While there is much excitement about surging demand for nickel from carmakers, more than two-thirds of global production is still directed towards the manufacture of stainless steel.

As demand for stainless steel picked up after the worst of the pandemic-induced shutdowns in 2020, nickel registered a supply-demand deficit of around 180,000 tonnes last year — equal to approximately 6 per cent of its total market size.

To prevent a further drawdown of inventories in 2022, Hamilton said that nickel supply would have to increase by 200,000 tonnes. Such a rise is by no means impossible, Hamilton said, but it does involve “a lot going right”.
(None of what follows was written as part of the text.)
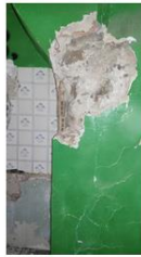
Capitell darrera de l'envà de la cuina

Això sí, la intervenció arqueològica va posar al descobert meravelles, en un primer moment vam sortir un munt d'elements molt moderns, sobretot desguassos en desús i nivells de recol·liment d'una amb un paviment de còdols. Però a les parets de la mitgera vam poder treure a la llum dues columnes d'origen romà, que estaven amagades per un alicat, i que ara sabem que estan reaprofitades en un edifici posterior, possiblement visgot, i que molts identifiquem com una basílica. Aquestes columnes, de ser així, pertanyrien a una església visigoda dels segles V o VI, i per tant serien les més antigues que es conserven in situ a tota la demarcació de Tarragona. A més sobre aquestes encara vam sortir els arcs que subjectaven les columnes, en total més de 9 metres d'alçada conservats d'un edifici de fa uns 1.500 anys. Posteriorment escavarem més en el subsòl, més per fer càlculs que per necessitats de projecte, al cap i a la fi, si no es feia ara que es rehabilitava tot l'edifici potser tindrien que passar 300 anys fins que es pogués tornar a fer una excavació així al lloc, vam poder trobar les bases de les columnes i el paviment de l'església. Finalment també vam poder veure que el nucli d'escaleres es recolza sobre una cisterna d'aigua de gran dimensions.

That view was reiterated by Snowdon, who said increased nickel supply from Indonesia would not be enough to prevent further depletion of inventories.

“The much tighter starting point for the market this year alongside strong EV trends ahead means this likely is no longer enough to generate an aggregate shift back into clear surplus,” said Snowdon. He has a 12-month target price of $24,000 for nickel — amounting to a rise of roughly 6 per cent from the metal’s current level.